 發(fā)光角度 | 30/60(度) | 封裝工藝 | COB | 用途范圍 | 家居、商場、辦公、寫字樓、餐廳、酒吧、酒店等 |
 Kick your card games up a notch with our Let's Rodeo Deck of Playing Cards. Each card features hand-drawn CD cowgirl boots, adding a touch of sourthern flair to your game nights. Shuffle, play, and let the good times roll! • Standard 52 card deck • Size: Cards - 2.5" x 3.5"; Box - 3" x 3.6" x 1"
+--
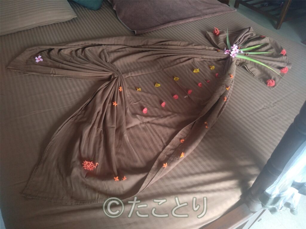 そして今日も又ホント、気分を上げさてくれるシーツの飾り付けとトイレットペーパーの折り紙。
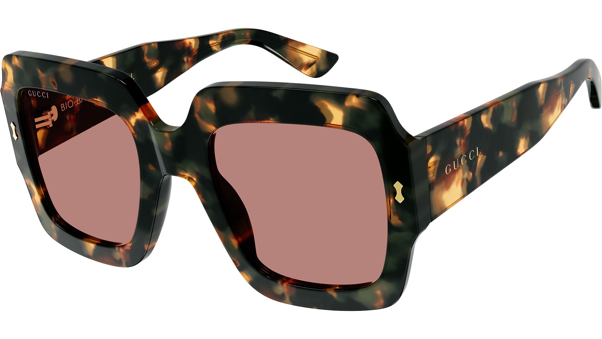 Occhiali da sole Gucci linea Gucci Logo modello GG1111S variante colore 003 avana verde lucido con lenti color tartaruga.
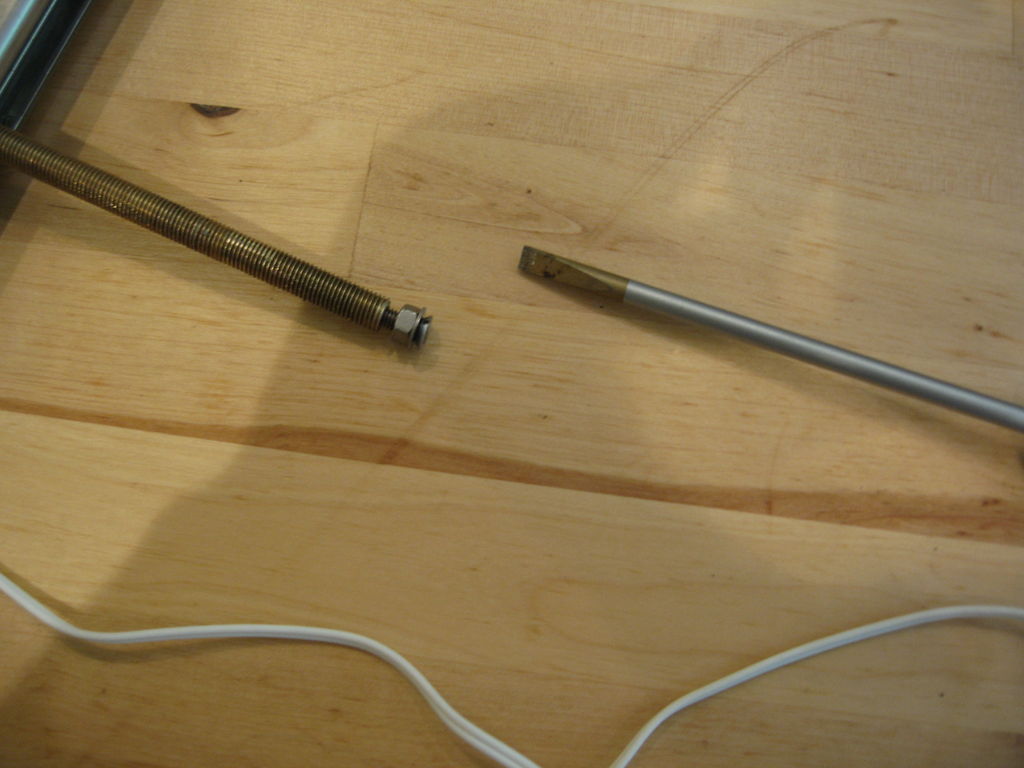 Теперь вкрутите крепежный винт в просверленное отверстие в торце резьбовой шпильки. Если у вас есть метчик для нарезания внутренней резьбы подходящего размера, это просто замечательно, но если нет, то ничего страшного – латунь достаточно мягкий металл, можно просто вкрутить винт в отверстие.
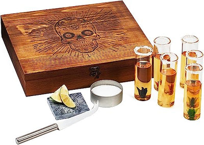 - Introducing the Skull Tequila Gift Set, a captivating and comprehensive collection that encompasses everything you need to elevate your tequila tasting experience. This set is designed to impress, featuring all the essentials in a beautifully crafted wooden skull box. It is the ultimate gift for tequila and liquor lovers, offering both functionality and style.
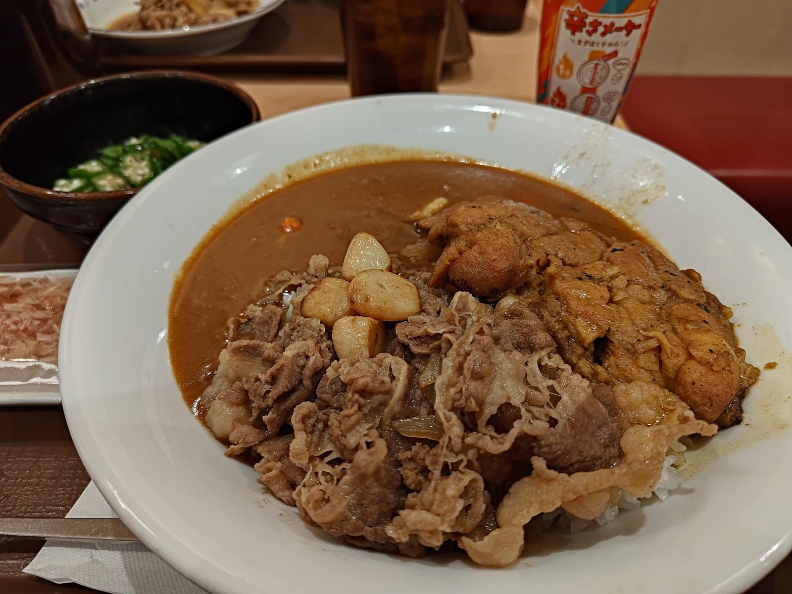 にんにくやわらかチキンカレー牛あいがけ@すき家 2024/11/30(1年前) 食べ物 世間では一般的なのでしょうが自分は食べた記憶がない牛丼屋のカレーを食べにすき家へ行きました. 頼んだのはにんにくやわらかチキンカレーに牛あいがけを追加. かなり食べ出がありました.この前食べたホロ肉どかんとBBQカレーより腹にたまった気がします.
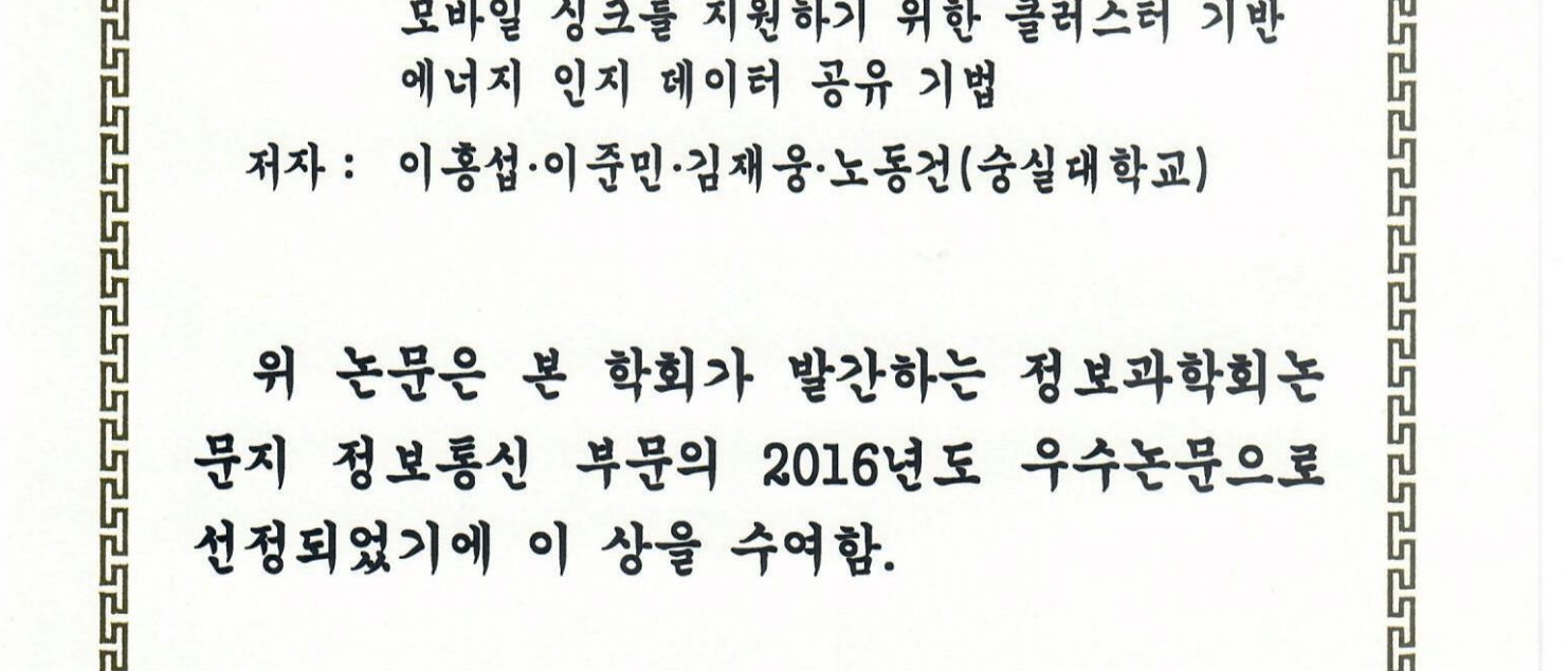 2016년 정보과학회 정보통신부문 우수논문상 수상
+--
● Required action: Starting at the line above that contains "Теперь вкрутите крепежный", transcribe every line exactly through the line that contains "2016년 정보과학회 정보통신부문 우수논문상 수상", including that last one, and skip the pictures.

● The completed task:
 Теперь вкрутите крепежный винт в просверленное отверстие в торце резьбовой шпильки. Если у вас есть метчик для нарезания внутренней резьбы подходящего размера, это просто замечательно, но если нет, то ничего страшного – латунь достаточно мягкий металл, можно просто вкрутить винт в отверстие.
 - Introducing the Skull Tequila Gift Set, a captivating and comprehensive collection that encompasses everything you need to elevate your tequila tasting experience. This set is designed to impress, featuring all the essentials in a beautifully crafted wooden skull box. It is the ultimate gift for tequila and liquor lovers, offering both functionality and style.
 にんにくやわらかチキンカレー牛あいがけ@すき家 2024/11/30(1年前) 食べ物 世間では一般的なのでしょうが自分は食べた記憶がない牛丼屋のカレーを食べにすき家へ行きました. 頼んだのはにんにくやわらかチキンカレーに牛あいがけを追加. かなり食べ出がありました.この前食べたホロ肉どかんとBBQカレーより腹にたまった気がします.
 2016년 정보과학회 정보통신부문 우수논문상 수상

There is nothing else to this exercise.